How to use this in profiling code

Instead of building a dict per column:

col = ColumnProfile(
    name=col_name,
    inferred_type=col_type,
    total=n_rows,
    missing=missing,
    unique=unique,
)

When exporting JSON:

columns = []
for c in column_profiles:
    columns.append(c.to_dict())

Recap (Session 2)

A class groups data + behavior (encapsulation)
Properties can compute values (first_name) or validate updates (age)
Inheritance reuses behavior; polymorphism is “same interface, different types”
A small model class can make your report easier to reason about

Maghrib break

20 minutes

Session 3

Typer CLI from type hints

Session 3 objectives

Install and run Typer
Understand commands, arguments, and options
Build profile command for your project
Handle errors and exit codes nicely

Why a CLI?

A CLI makes your project:

reproducible (same command, same output)
gradeable (instructor can run it)
automatable (later: CI / workflows)

Install Typer

Inside your project environment:

uv pip install typer

Quick check:

uv run python -c "import typer; print(typer.__version__)"

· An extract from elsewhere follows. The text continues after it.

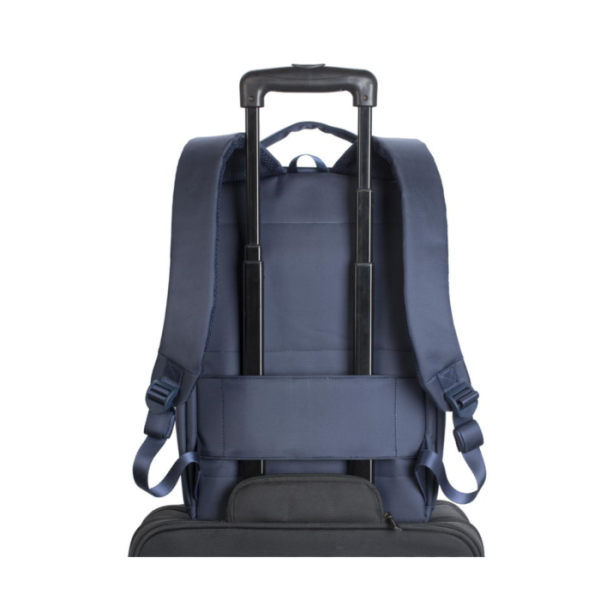 Naramnice so udobne in mehke, tako da bo nošenje tudi na dolgih potovanjih udobno in brezskrbno. Hrbtna stran je narejena iz zračnega materiala, za optimalno temperaturo med nošenjem nahrbtnika. Posebno zasnovan žep pa omogoča namestitev nahrbtnika na vse kovčke s kolesi.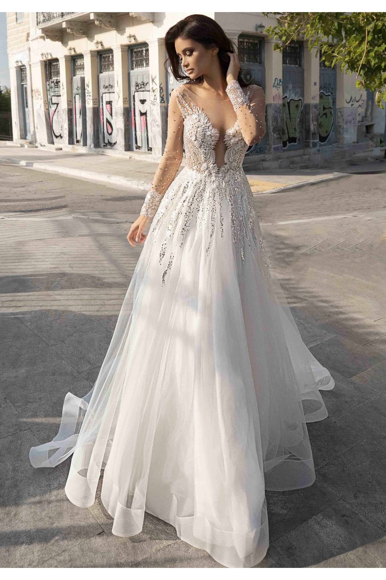 Rochia de mireasa Formentera este croita in stil A si exprima finete si eleganta. Materialul cu paiete aplicat, atat pe corset, cat si pe fusta da senzatia de alungire si inaltare. Aplicatiile 3D de la decolteu o decoreaza si o completeaza evidentiind o rochie spectaculoasa si deosebita. Tulle-ul cu pietre swarosvsky aplicat pe maneci ii confera sclipire si delicatete.

A tiny detour: type hints (just labels)

name: str is a type hint (also called an annotation).
Python does not magically enforce it at runtime.
Tools can use it (and Typer uses it to convert CLI text into the right type).

Example:

def add_one(x: int):
    return x + 1

Today we’ll mostly use: str, int, float, and Path.

A tiny detour: what does `@something` mean?

A line starting with @ is a decorator.
It wraps a function or registers it somewhere.

Two decorators you’ll see today:

@property (makes a method act like an attribute)
@app.command() (registers a function as a CLI command)

A minimal Typer app

import typer

app = typer.Typer()

@app.command()
def hello(name: str) -> None:
    print(f"Hello, {name}!")

@app.command()
def goodbye(name: str, formal: bool = False) -> None:
    print(("Goodbye" if formal else "Bye") + f", {name}!")

if __name__ == "__main__":
    app()

Run:

uv run python main.py --help
uv run python main.py hello Sara

Commands vs arguments vs options

Command: a verb (profile, validate, version)
Argument: required positional input
- profile data/sample.csv
Option: named + optional
- --out-dir outputs

Tip

In Typer, Python type hints become CLI parsing.

Quick refresher: `Path` objects for file paths

Instead of passing file paths as plain strings, we often use Path objects.

from pathlib import Path

p = Path("data") / "sample.csv"   # `/` joins paths safely (Windows/macOS/Linux)
print(p.exists())

out_dir = Path("outputs")
out_dir.mkdir(exist_ok=True)

(out_dir / "hello.txt").write_text("hi", encoding="utf-8")

Why use Path?

fewer bugs with slashes (\ vs /)
nice helpers like .exists(), .mkdir(), .read_text(), .write_text()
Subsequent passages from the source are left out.